I’m a relatively passive trustee of my SMSF – my partner looks after the day to day running of the fund and I simply sign the financials each year. Am I exposed to penalties should something go wrong?
In short, yes.
Prior to 1 July 2014 the ATO had very limited options on how to deal with funds with ongoing compliance problems. Their options were effectively to either do nothing, or to make a fund non-complying.Join our newsletter
Being made non-complying results in the fund’s assets being taxed at the top marginal rate (45%), and all income earned after the date of non-compliance also being taxed at this rate (as well as removing several other important tax concessions). Given this draconian outcome, making a fund non-complying often undermined the integrity of the superannuation system to a much larger degree than the original compliance problem ever would have, so the ATO often chose to do nothing.
Cue the implementation of administrative penalties.

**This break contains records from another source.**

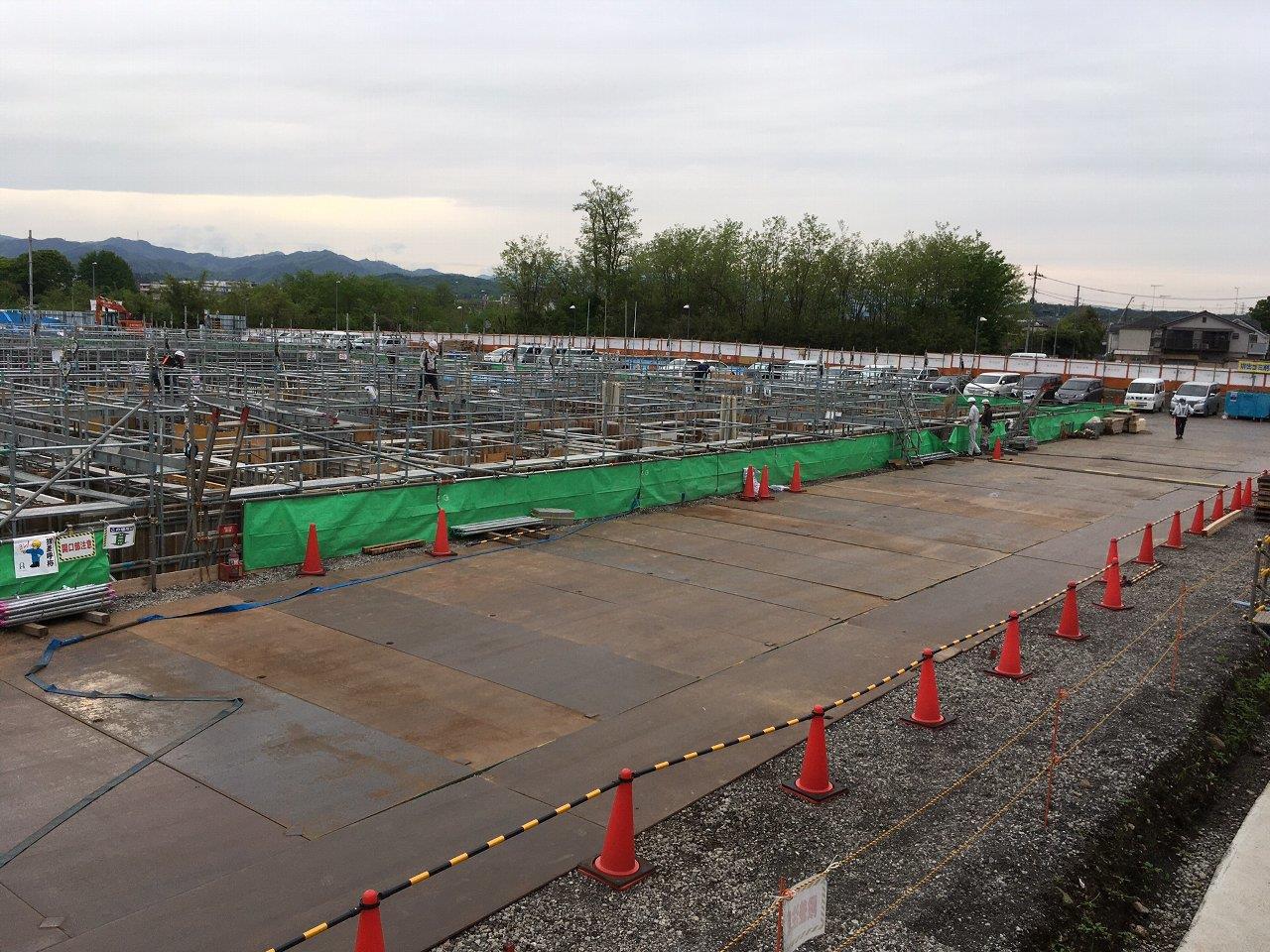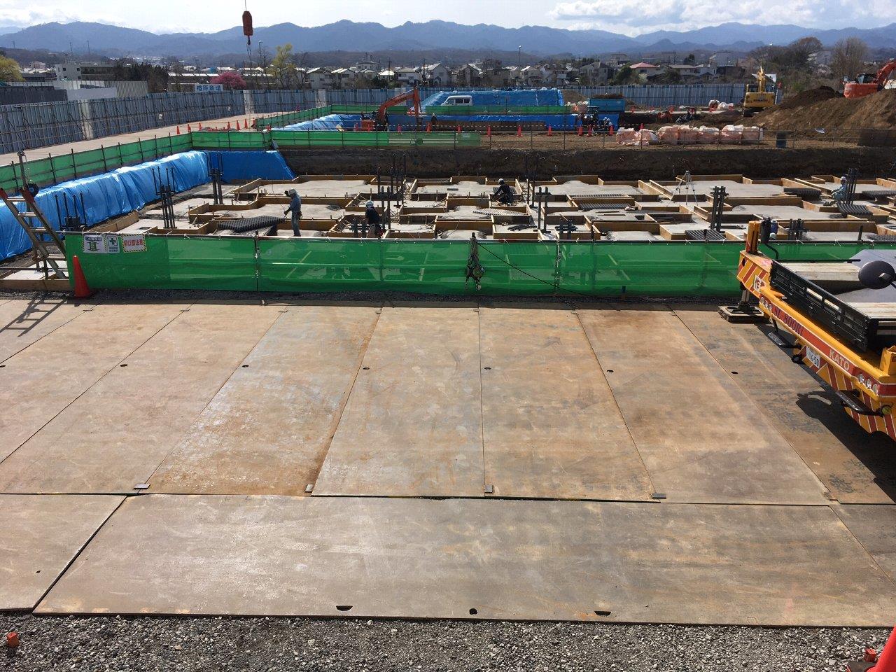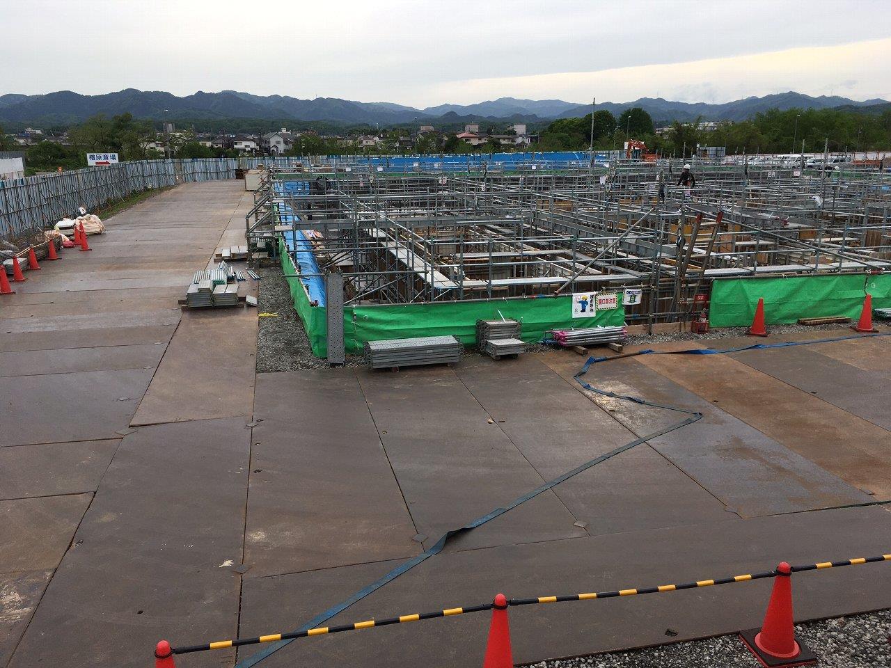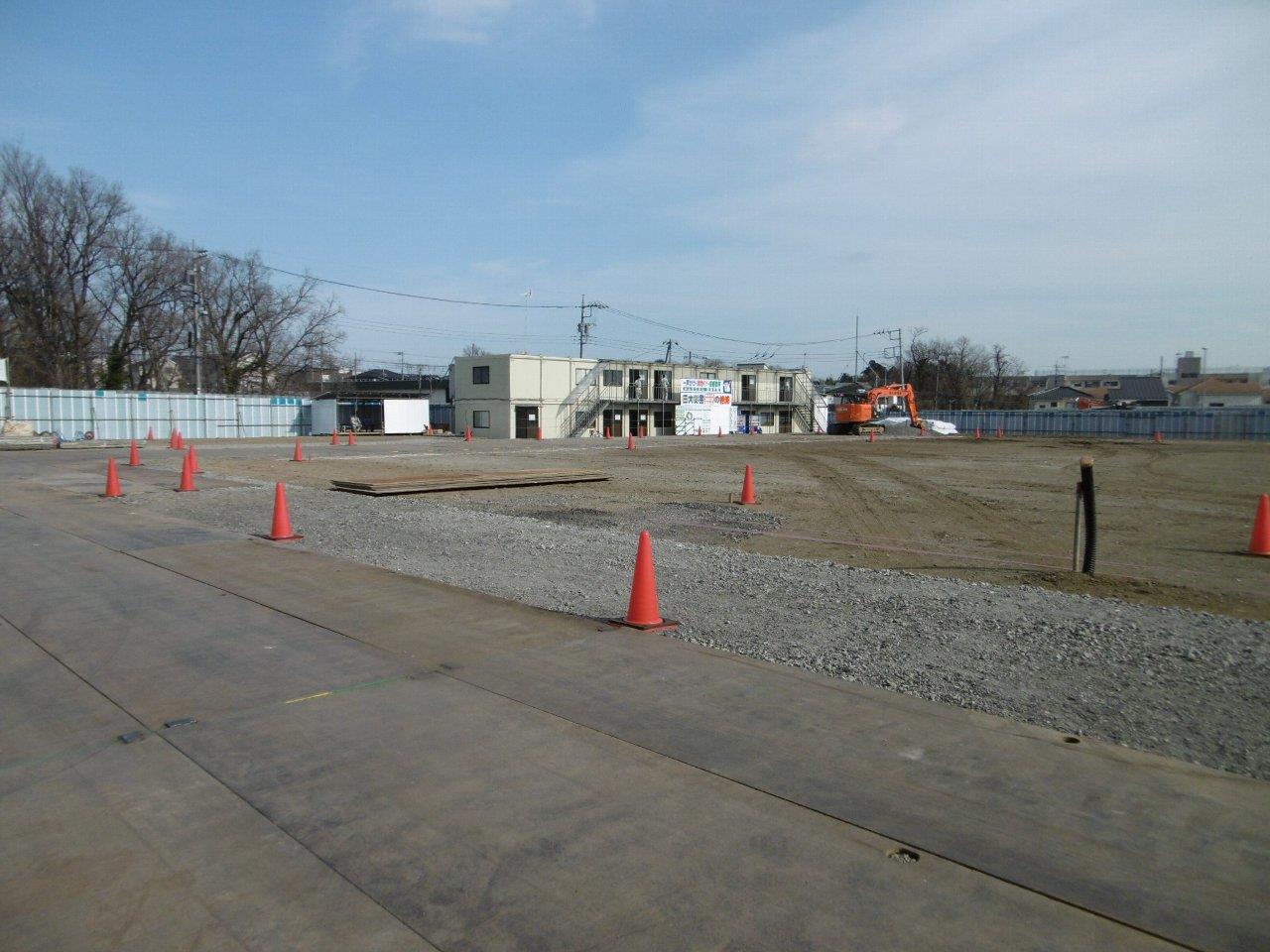 仮設事務所を設置し、鉄板を敷く準備工事を行っています。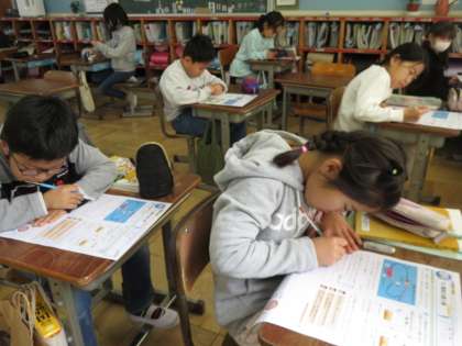 単元「電流の通り道」のまとめのテストを行っていました。みんなできたかな?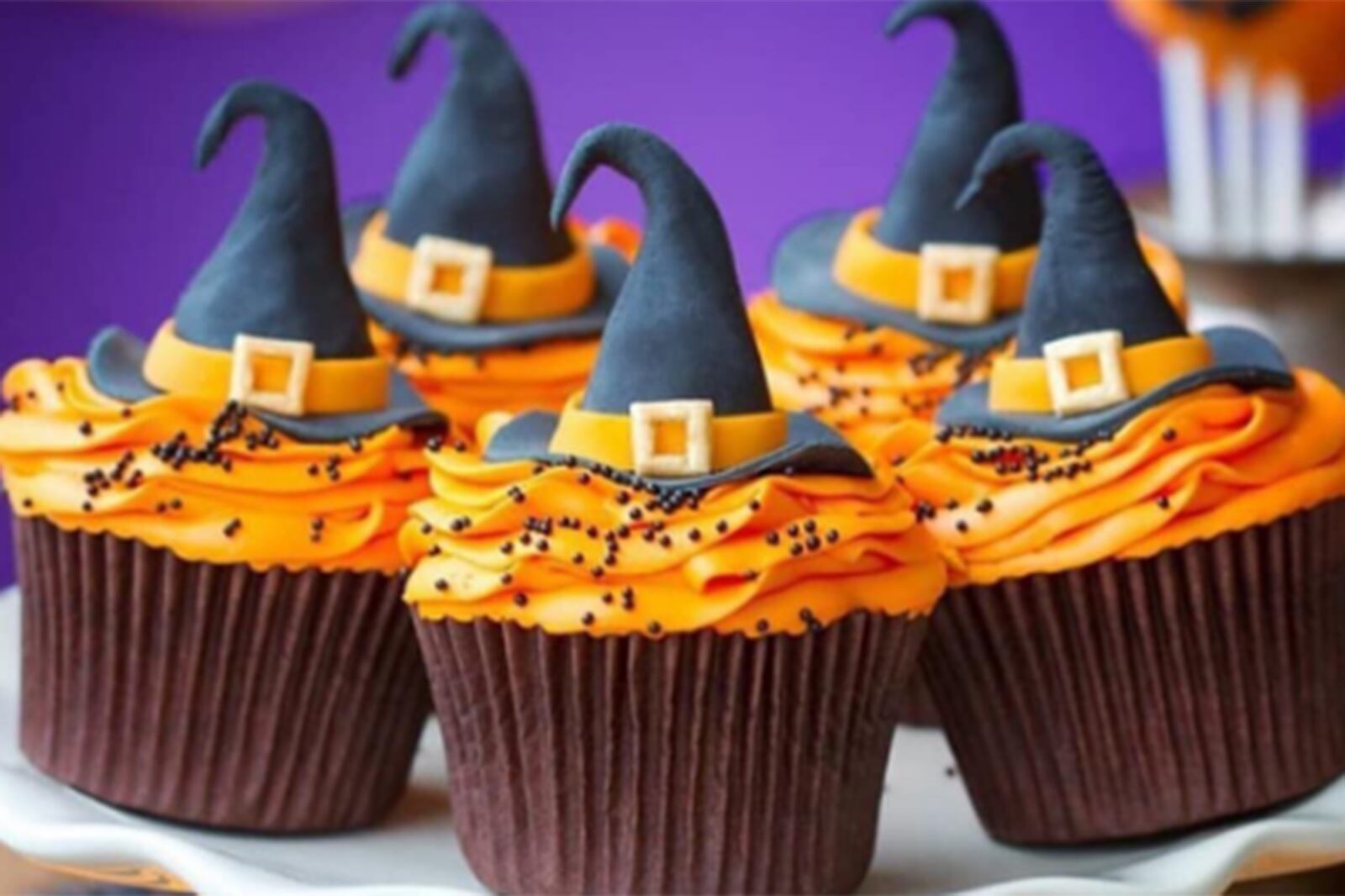 También puedes valerte del uso de los conos de barquillas que puedes bañarlos en chocolate fundido para que se logre una capa uniforme, una vez que estén firmes puedes decorarlos con un poco de lluvia de chocolate de colores para darle un toque auténtico y tenebroso para luego completar tu cupcake Halloween con un poco de betún de chocolate y el resultado final será similar al de un sombrero de bruja.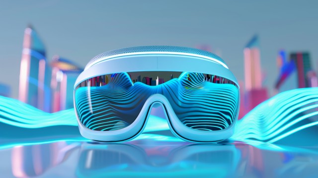 一副VR眼镜在城市中心广场倒映元宇宙全息虚拟现实都市网络空间的概念科技背景白天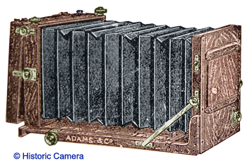 Adams Challenge camera was manufactured by Adams & Company of London England from approximately 1892 to 1932. Constructed of the finest Spanish mahogany with brass hardware. Features included a square leather bellows with reversible back for horizontal and vertical pictures, a rising and falling front, double swing backs, Long and short extension with rear rack and pinion focusing. Available in four sizes, 6 1/2 x 4 3/4 inches, half plate, 12 x 10 inches, and 15 x 12 inches. Prices ranged from £21 to £46.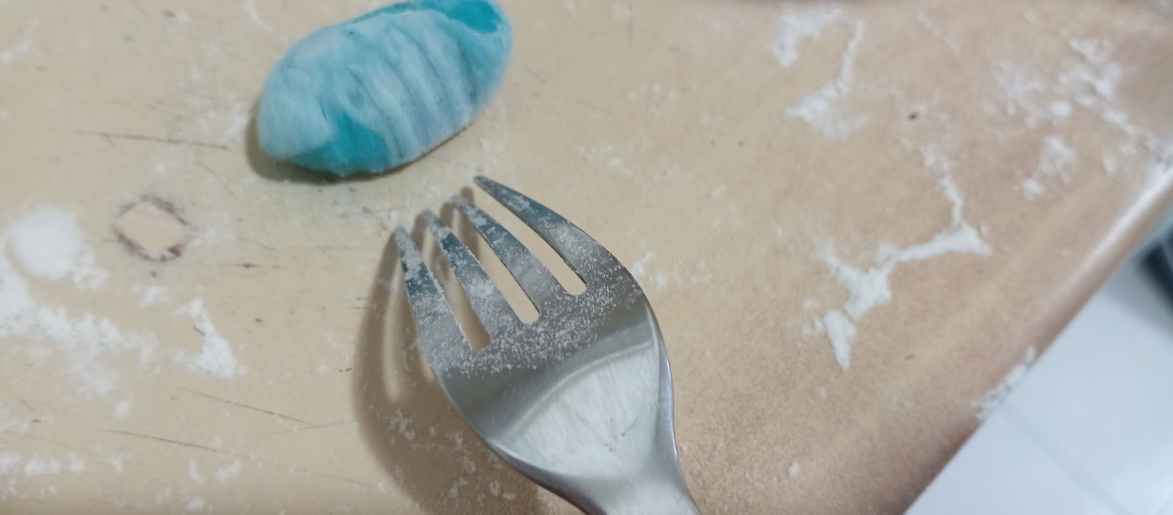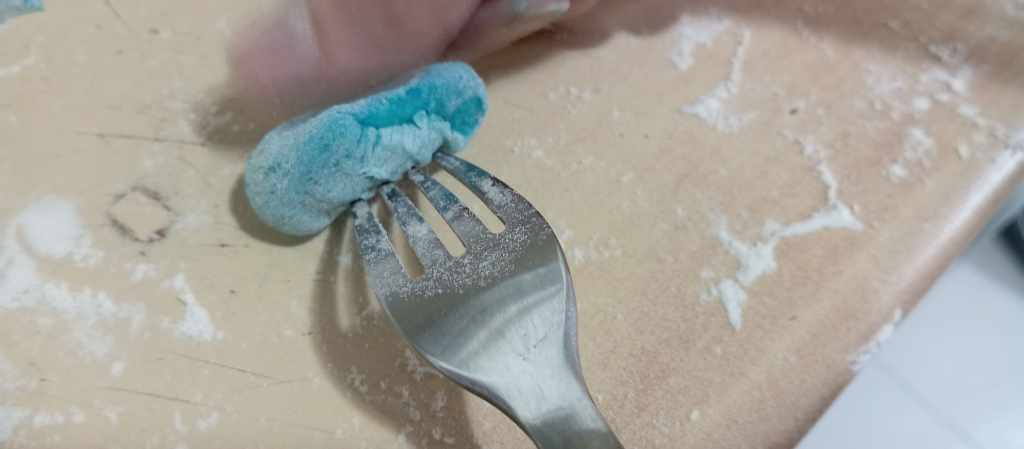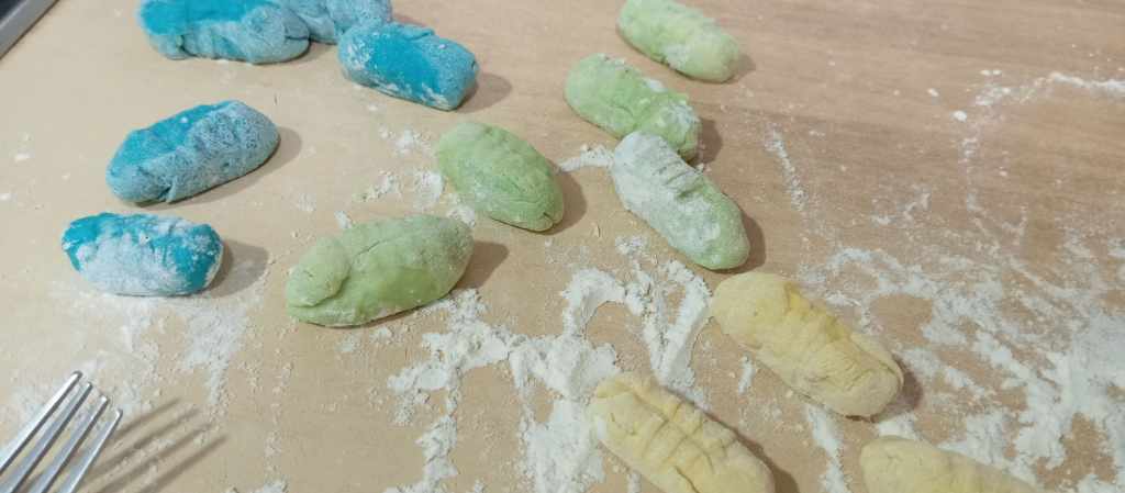 Mientras el agua llega a hervir, vamos a pasar las porciones de masa por la parte trasera de un tenedor para darle la forma a los ñoquis, previamente boleados con la mano y empujándolos por la línea del cubierto para que se marquen. También podéis darle la forma con la mano y presionar con las puntas del tenedor, eso ya a vuestro gusto o con la estrategia establecida por vuestro grupo.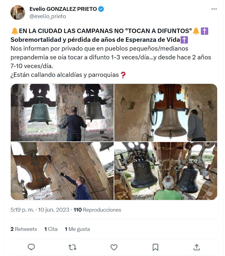 🔔EN LA CIUDAD LAS CAMPANAS NO «TOCAN A DIFUNTOS»🔔✝️Sobremortalidad y pérdida de años de Esperanza de Vida✝️ Nos informan por privado que en pueblos pequeños/medianos prepandemia se oía tocar a difunto 1-3 veces/día…y desde hace 2 años 7-10 veces/día. ¿Están callando alcaldías y parroquias❓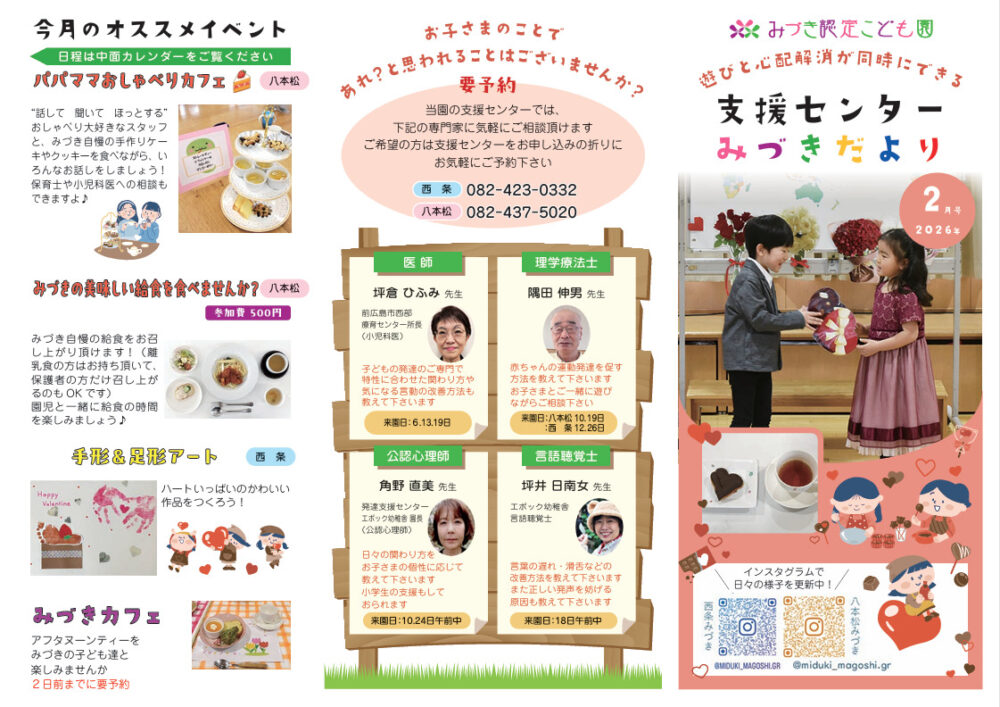 とってもかわいい2月の支援センターだよりが完成しました♥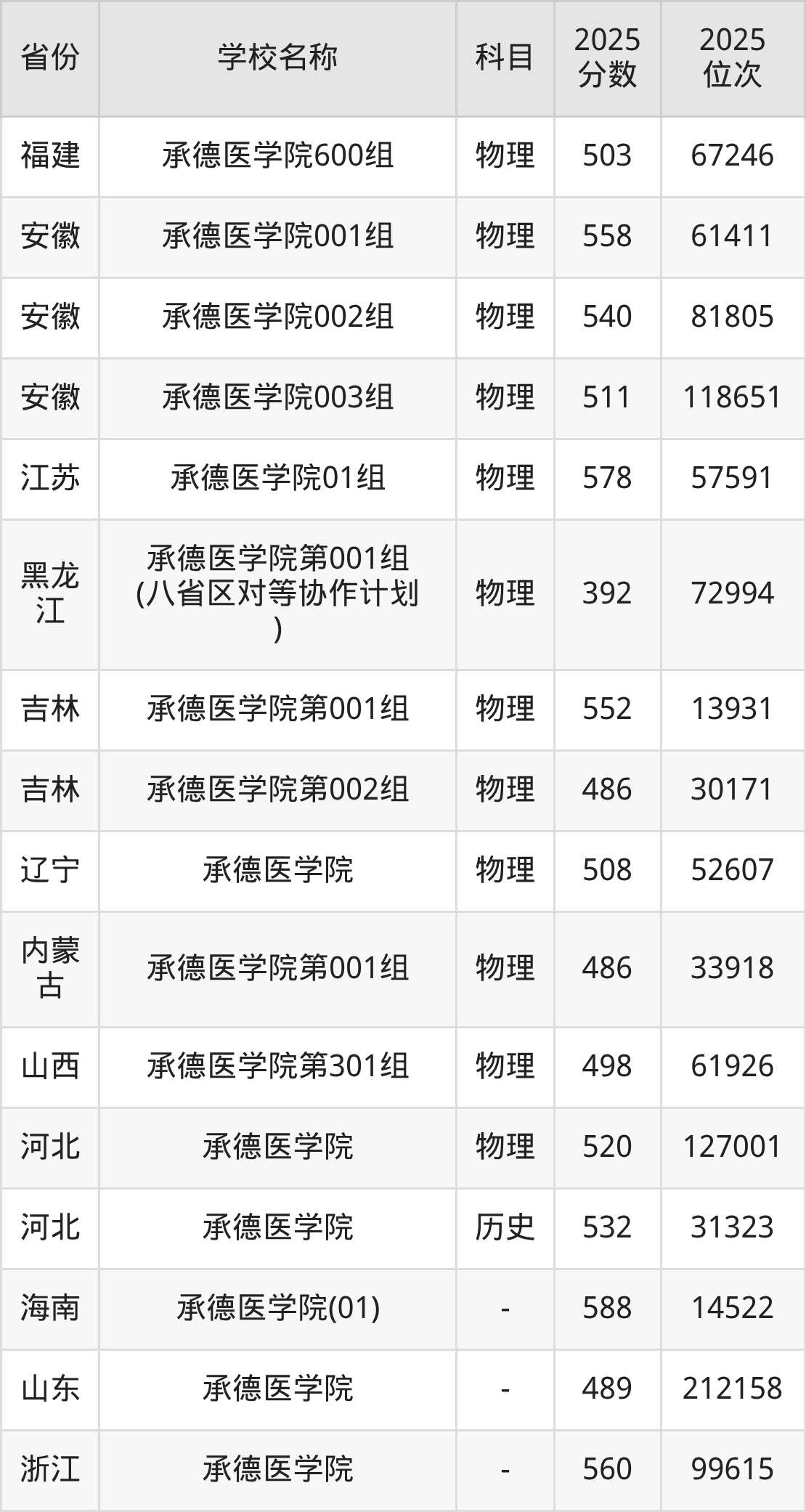 2025年承德医学院在全国各省本科的最低录取分数线在392~591分之间。河南物理类高考生最低591分能上承德医学院、海南高考生最低588分能上承德医学院……下文将展示承德医学院在全国25个高考省份中的本科最低投档录取分汇总!

Administrative penalties are a compliance tool that was introduced to help the ATO bridge the gap between sitting on their hands, or decimating someone’s retirement savings.
Broadly speaking, administrative penalties allow the ATO to levy a monetary penalty on a fund’s trustee for failing to comply with certain sections of the superannuation law. The specific penalty will depend on the section that has been contravened however, they range from $1,110 all the way up to $13,320. The trustees of approximately 200 SMSFs were levied administrative penalties in 2019/20.
Somewhat frustratingly, the ATO has been largely inconsistent in its approach to levying these administrative penalties. This inconsistency puts trustees who have contravened the law in an uncomfortable and stressful situation, waiting for the ATO to make a determination and being uncertain as to whether penalties will be applied.
Late in the 2019 calendar year the ATO announced that it would now be running a “hard line” approach on administrative penalties. Their default position now being: if the fund is reviewed by the ATO (which is fortunately relatively rare) and they discover a contravention has occurred then penalties will be applied. Any remission of penalties would be assessed in a secondary process and (as before) be at the Commissioner’s discretion.
Due to the effects of Coronavirus the ATO never fully enacted their “hard line” enforcement policy and has, quite rightly, maintained a “softly softly” approach to both administrative penalties and compliance in general across this period.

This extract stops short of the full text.